The safe and accurate diagnosis of acute pulmonary embolism (PE) remains challenging, and many PE-related deaths still occur before the detection of PE. Current techniques detect PE as “negative images,” ie, the absence of contrast or downstream perfusion. There would be advantages to obtaining “positive images” of PE, by targeting imaging agents to components that are present primarily on thromboemboli. In addition to providing alternative means of diagnosing acute PE, they would also enable acute PE to be distinguished from other types of pulmonary arterial obstruction, such as unresolved intravascular defects attributable to previous PE. Positive images of PE require imaging agents to bind onto target antigens that are present predominantly on thromboemboli.
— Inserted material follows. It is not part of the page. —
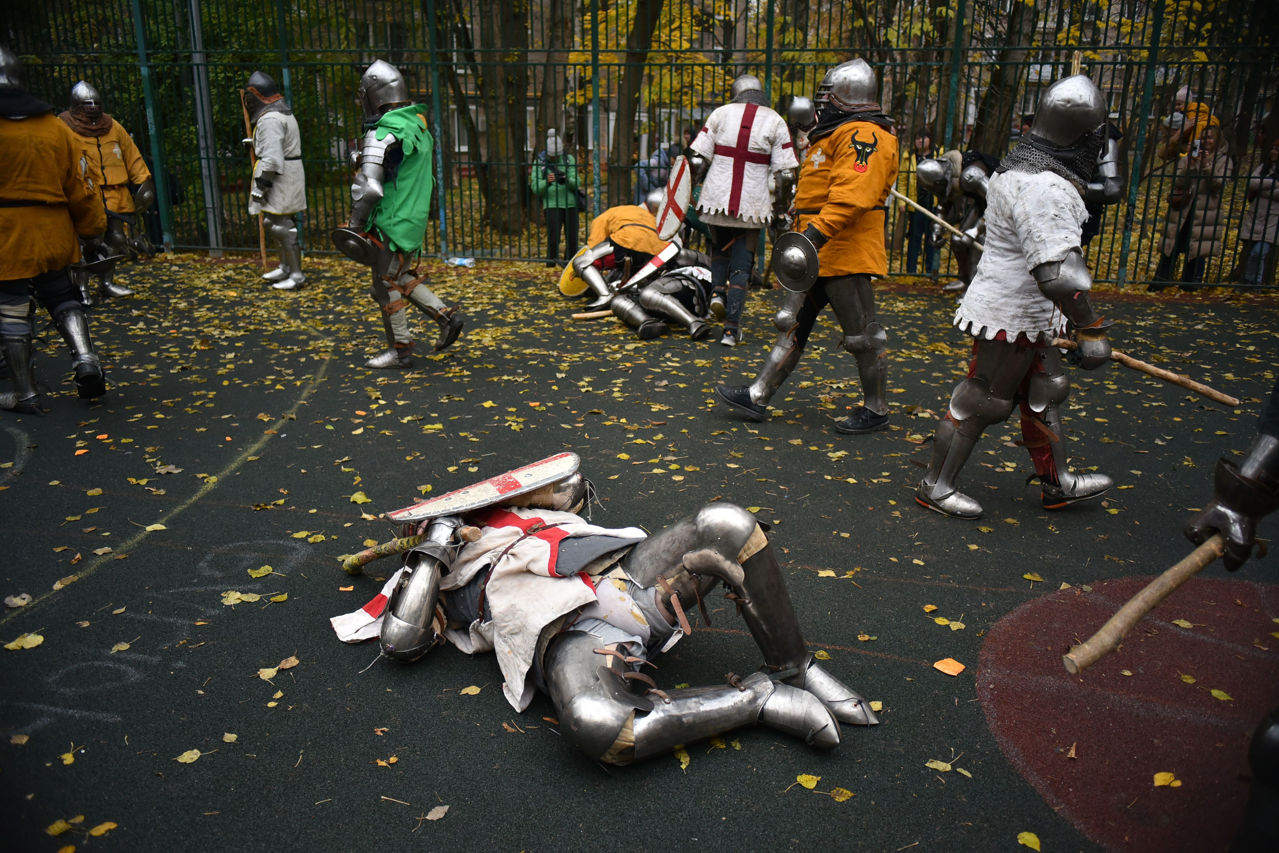 People wearing medieval armour components take part in a friendly fight event held in a basketball court to keep the medieval street fights alive in Russian capital Moscow on October 28, 2024. (Photo by Stringer/Anadolu via Getty Images)
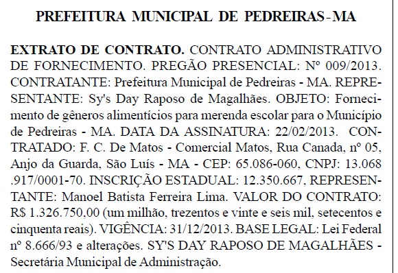 Ainda não satisfeito com os gastos, Chicote firmou outro contrato milionário também no mesmo mês com a empresa F.C. de Matos – Comercial Matos, para fornecimento de gêneros alimentícios para merenda escolar.

The “D dimer” regions of polymerized fibrin are present in high concentrations on thromboemboli and are sufficiently accessible to binding. 99mTc-lableled anti-D-dimer deimmunized monoclonal antibody Fab′ fragments (DI-DD-3B6/22-80B3) bind specifically to thromboemboli, with a thrombus: blood labeling ratio that allows scintigraphic detection. Another thrombus-specific imaging agent is 99mTc-labeled apcitide, a synthetic peptide that binds with a high affinity and specificity to the glycoprotein IIb/IIIa receptor on the membrane of activated platelets. Both of these agents have enabled the detection of lower extremity deep vein thrombi by planar scintigraphy. However, even highly radiolabeled PEs are difficult to distinguish by planar scintigraphy from the large blood pool in the heart and lungs. The spatial and contrast resolution inherent to single-photon emission computed tomography (SPECT) scanning allow the in situ imaging of pulmonary emboli that have been bound by radiolabeled thrombus-specific imaging agents. Preliminary trials in humans with acute PE have shown that the emboli can be detected after intravenous administration of 99mTc-lableled anti-D dimer, followed by SPECT scanning. Although clinical results are still preliminary, it appears that imaging of pulmonary emboli with SPECT, after administration of radiolabeled thrombus-specific antibody fragments, is accurate and clinically feasible.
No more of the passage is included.